Eastwood’s character is more ambiguous than I’d noticed. Kelly’s a loner, but unlike in Westerns, the loner here is admired only up to a point. Kelly’s in this thing for himself, this thing being the caper, but it may be the war too. Kelly sees all the other characters as his business partners. He’s fair to them, but he isn’t bound to them. He doesn’t love them, that’s for sure. Savalas loves them all, even Kelly and the Don Rickles character, whom Big Joe disapproves of, distrusts, and even disdains—but he’s still one of his. His responsibility. His son.
Big Joe is the only character in the movie who is not motivated by money or self-interest. (Except for Carroll O’Connor’s general whose motivations are a mixture of vanity, bloodlust, and patriotism, and as lunatic as he is.) Big Joe goes along with the plot to steal the gold in order to be there to take care of his men and see they get out alive.
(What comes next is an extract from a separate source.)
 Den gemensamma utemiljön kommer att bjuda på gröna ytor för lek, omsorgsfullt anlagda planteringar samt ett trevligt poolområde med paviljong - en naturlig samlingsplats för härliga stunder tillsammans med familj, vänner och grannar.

Through Savalas’ character, Kelly’s Heroes becomes not a war movie or an anti-war movie but a movie about heroism in an unheroic reality. And in that way it’s very much a product of its time.
Which brings us back to its similarities to M*A*S*H.
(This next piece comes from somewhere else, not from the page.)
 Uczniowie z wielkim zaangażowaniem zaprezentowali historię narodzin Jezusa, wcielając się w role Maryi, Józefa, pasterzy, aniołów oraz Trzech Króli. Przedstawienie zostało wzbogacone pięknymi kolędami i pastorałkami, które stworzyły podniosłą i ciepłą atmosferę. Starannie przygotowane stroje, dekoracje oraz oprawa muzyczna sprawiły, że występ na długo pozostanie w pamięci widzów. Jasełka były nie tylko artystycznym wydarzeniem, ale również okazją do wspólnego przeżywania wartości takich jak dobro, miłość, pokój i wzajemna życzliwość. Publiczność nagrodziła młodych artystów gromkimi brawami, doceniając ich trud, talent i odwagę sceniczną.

What the two movies have in common, besides the presence of Donald Sutherland in their casts, is an unglorious definition of heroism. Heroism is staying alive and helping others stay alive—which is to say, stay human—in the face of unspeakable inhumanness. The enemy in both movies is Death. And War equals Death. Any justification of war, any justifier of it, whatever uniform he wears, is on the side of Death.
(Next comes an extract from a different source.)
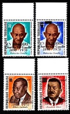 30F Gandhi Overprinted En Memoire Charles De Gaulle 1890-1970, 90F Gandhi Overprinted 30F En Memoire Charles De Gaulle 1890-1970, 20f Albert Luthuli Overprinted 150F En Memoire Charles De Gaulle 1890-1970 and 60F Fredrich Ebert Overprinted 200F En Memoire

Watching Donald Sutherland play his character as the first hippie is a clue. The movie may be set during World War II but don’t let that fool you. Kelly’s Heroes and M*A*S*H are both anti-Vietnam War, anti-Johnson, anti-Nixon.
What’s different between them is that Kelly’s Heroes has no equivalent to Frank Burns while M*A*S*H has no equivalent to Big Joe.
Hawkeye, Trapper, and Duke are basically compassionate men. They care about their patients and look out for each other and their friends. But they are also anti-social types and more often than not pretty darn selfish. They are like Kelly. They don’t want to be where they are, they didn’t volunteer, they don’t feel called upon to do anything over and beyond the call of duty, and they are on the lookout for a way to get something for themselves out of the awful messes they’ve been stuck in—they want some kind of payback.
Big Joe talks tough, comes on like a cynic. He dismisses any outbreak of idealism—but the only idealism that appears in the movie is inside his own head and we only know it’s there from his spoken rejection of it. He says that all he wants for his men is decent “beds, booze, and broads.” But under the circumstances that’s an awful lot to ask.
Essentially, it’s to ask for their lives and their humanity. And he sets out to get those for them. He’s not an anti-war protester. He’s a social activist.
I don’t mean to suggest that Kelly’s Heroes is the better movie. I just think it has the better heart, and that makes it a better movie than it has any business being.